Ask natural language questions about your codebase — clew indexes your code with AST-aware chunking, embeds it with Voyage AI, stores it in Qdrant, and serves results through both a CLI and an MCP server that Claude Code can call directly.
Features
- Hybrid search — Dense embeddings (Voyage voyage-code-3) + BM25 keyword matching fused with Reciprocal Rank Fusion, optionally re-ranked with Voyage rerank-2.5
- AST-aware chunking — tree-sitter parses Python, TypeScript, and JavaScript into semantic units (functions, classes, components) with token-aware fallback splitting
- Code relationship tracing — Extracts imports, calls, inheritance, decorators, JSX renders, test mappings, and API boundaries; traversable via BFS graph queries
- Incremental indexing — Git-aware change detection (with file-hash fallback) so re-indexing only touches what changed
- NL descriptions — LLM-generated descriptions for undocumented code, prepended before embedding to improve search quality
- Compact MCP responses — ~20x token reduction by default; returns signatures + docstring previews instead of full source
- Multi-collection — Separate
codeanddocscollections with intent-driven routing
Prerequisites
Quick start
1. Install clew
git clone https://github.com/ruminaider/clew.git
cd clew
pip install -e .
2. Start Qdrant
docker compose up -d qdrant
3. Set your API key
cp .env.example .env
# Edit .env and add your VOYAGE_API_KEY
Or export directly:
export VOYAGE_API_KEY=pa-xxxxxxxxxxxxxxxxxxxx
4. Index your project
clew index /path/to/your/project --full
5. Search
clew search "how do we handle authentication"
Configuration
Environment variables
| Variable | Required | Default | Description |
|---|---|---|---|
VOYAGE_API_KEY |
Yes | — | Voyage AI API key for embeddings and re-ranking |
QDRANT_URL |
No | http://localhost:6333 |
Qdrant server endpoint |
QDRANT_API_KEY |
No | — | Qdrant API key (if auth is enabled) |
CLEW_CACHE_DIR |
No | Auto-detected from git root | SQLite cache directory (.clew/) |
CLEW_LOG_LEVEL |
No | INFO |
Logging verbosity |
ANTHROPIC_API_KEY |
No | — | Required for NL description generation |
The cache directory resolves in order: CLEW_CACHE_DIR env var, then {git_root}/.clew/, then .clew/ relative to the working directory. This ensures the MCP server and CLI share the same cache.

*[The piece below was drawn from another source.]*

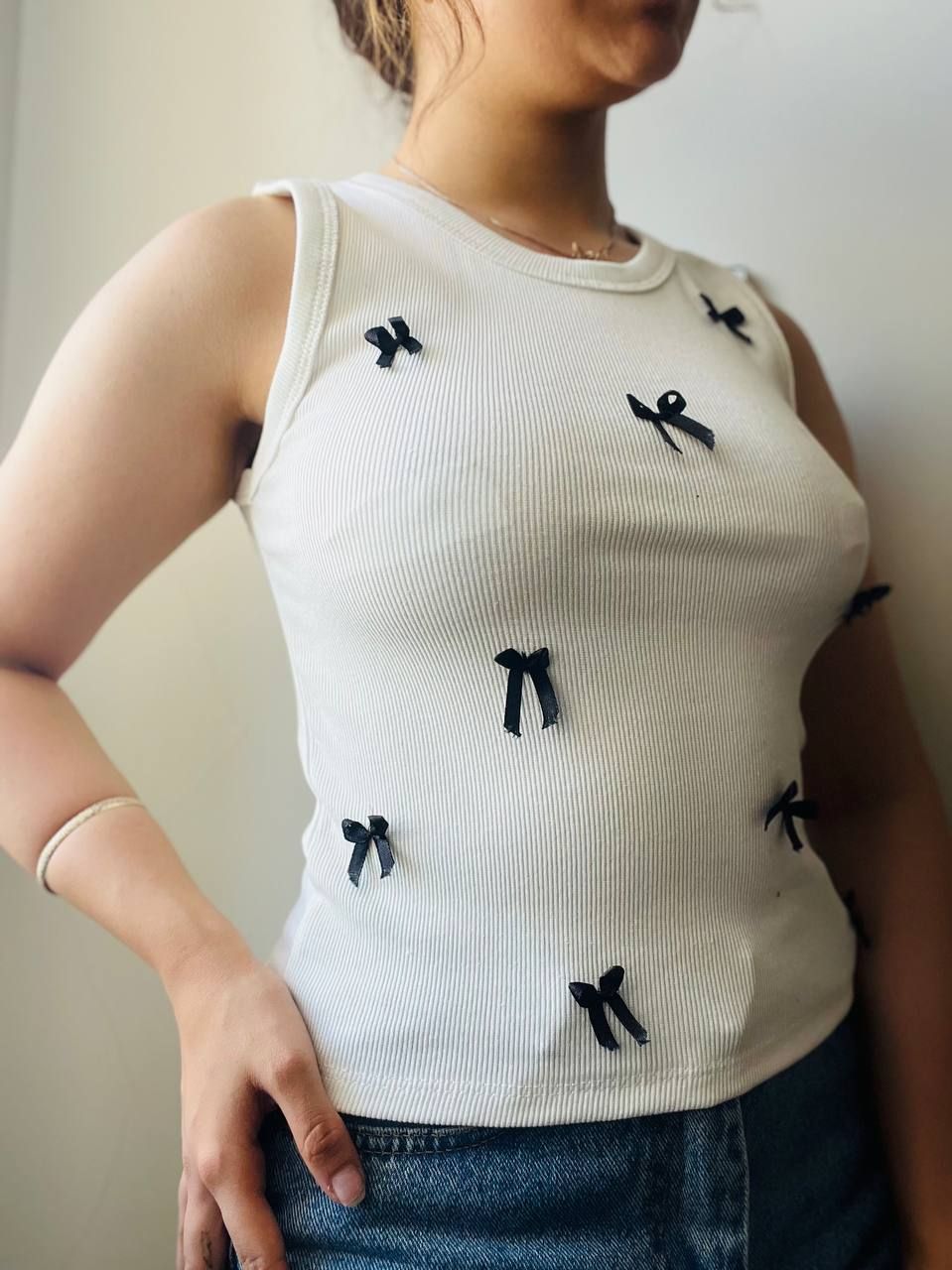 تاپ حلقه ای بیسیک سفید و مشکی برند مون جنس کبریتی پنبه

Project configuration (optional)
Create a config.yaml in your project root for fine-grained control:
project:
name: "my-project"
root: "."
collections:
code:
include:
- "src/**/*.py"
- "frontend/**/*.tsx"
exclude:
- "**/migrations/*.py"
- "**/__pycache__/**"
docs:
include:
- "**/*.md"
chunking:
default_max_tokens: 3000
overlap_tokens: 200
terminology_file: indexer/terminology.yaml
CLI usage
clew index
Index a codebase for search.
# Incremental — only re-index changed files
clew index /path/to/project
# Full reindex
clew index /path/to/project --full
# Generate NL descriptions for undocumented code (requires ANTHROPIC_API_KEY)
clew index /path/to/project --nl-descriptions
# Index specific files
clew index --files src/auth.py --files src/models.py
clew search
Search the indexed codebase.
# Natural language query
clew search "where is the rate limiter configured"
# Filter by language
clew search "database models" --language python
# Filter by chunk type
clew search "API endpoints" --chunk-type function
# Set intent explicitly (code, docs, debug, location)
clew search "why does login fail" --intent debug
# JSON output
clew search "user authentication" --raw
clew trace
Trace code relationships via BFS graph traversal.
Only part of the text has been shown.